La celebración ayer del día mundial de los Derechos Humanos, se enmarca dentro de un contexto geoestratégico y socioeconómico muy convulso. La inflación desbocada, la sensación de discontinuidad histórica derivada de un contexto internacional complejo e incierto provocan zozobra e inquietud social. Y toda esa suma de factores pasa factura en la confianza social y provoca un auge de los populismos políticos, que están pasando de ser un mero síntoma de fatiga democrática a convertirse en alternativa real de poder. Conviene recordar ahora la visionaria reflexión de Amin Maalouf (“el desajuste del mundo”) cuando expresaba que estamos asistiendo al crepúsculo de las civilizaciones separadas. Su tiempo ya ha pasado y ha llegado el momento de superar esa atomización para ir construyendo poco a poco una civilización común basada en dos principios intangibles e inseparables: la universalidad de los valores esenciales y la diversidad de las expresiones culturales.

Frente a ello, la desconfianza y la incomprensión crecen tanto que comprometen todas las políticas de integración o incluso las de simple coexistencia. En la práctica estamos viviendo una desviación global hacia la xenofobia, la discriminación, los abusos étnicos; es decir, hacia la erosión de todo cuanto constituye la dignidad ética de nuestra civilización humana. Y así ocurre que el temor al diferente, el miedo ante tanta incertidumbre atenaza y paraliza a buena parte de los ciudadanos.

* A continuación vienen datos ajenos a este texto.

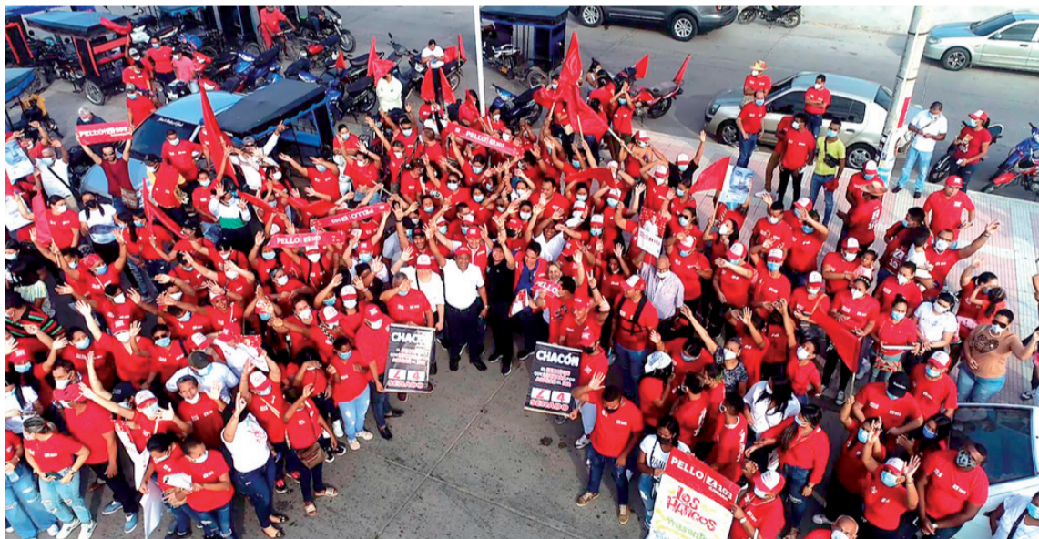
El apoyo de la gente en San Juan del Cesar fue masivo.

gestionar la puesta en marcha de la segunda fase del megaproyecto del río Ranchería, lo que beneficiaría a todos los habitantes de San Juan, especialmente a los agricultores y ganaderos.

Hermanos de Italia, la formación política que dirige Giorgia Meloni, sucesora del partido fundado por Mussolini, se ha hecho con el gobierno de la Republica Italiana. Hay más y recientes ejemplos: Suecia, EEUU (con la pretensión del retorno de Trump y con su fortaleza dentro del partido republicano), Alemania (donde la ultraderechista AfD llama a las protestas mientras trata de capitalizar el malestar por la carestía de la vida y los precios de la energía e incluso llega a involucrarse en intentos de involución democrática como el conocido esta pasada semana)...

En todos los casos se repite la misma estrategia: desde formaciones políticas de extrema derecha se construye el relato de una sociedad rodeada de amenazas (la inmigración, la delincuencia, la situación económica, la emergencia energética) y, tras despertar el miedo y el temor hacia lo desconocido, se proponen soluciones tan irracionales como radicales.

Las democracias liberales se encuentran en una situación de fragilidad. Los mensajes populistas simplistas, con tintes a menudo xenófobos, así como los intentos de minar la legitimidad de las instituciones democráticas cuentan con una audiencia receptiva. En cada vez más estados los partidos populistas han dejado de ser marginales y participan como serios contendientes en las elecciones.

Parte de la población europea considera atractivos algunos aspectos de esa gobernanza autoritaria, tales como una vigilancia estricta, libertades individuales en peligro y estructuras sociales uniformes. Para algunos, esta situación recuerda la década de los años treinta del siglo pasado, cuando el fascismo en Europa estuvo en auge. La estrategia populista actual puede resumirse en tres principios: atribuir la responsabilidad de los problemas a la oposición o a un enemigo externo, proponer soluciones fáciles ante crisis complejas, y apelar a discursos pesimistas y apocalípticos.

¿Cómo contraponer, frente a toda esa suma de simplificaciones dañinas, la racionalidad de los discursos políticos y sociales no enfáticos?

No debemos responder al fanático con fanatismo; hay que huir de caer en sus provocaciones y confrontar cívicamente en el marco de un debate sobre ideas, sobre sociedad, sobre convivencia, sobre diversidad, sobre ciudadanía. El antídoto no puede ser más populismo, sino el recurso a la responsabilidad compartida entre políticos y sociedad civil. Nos va mucho en ello, también en materia de protección y defensa de los Derechos Humanos.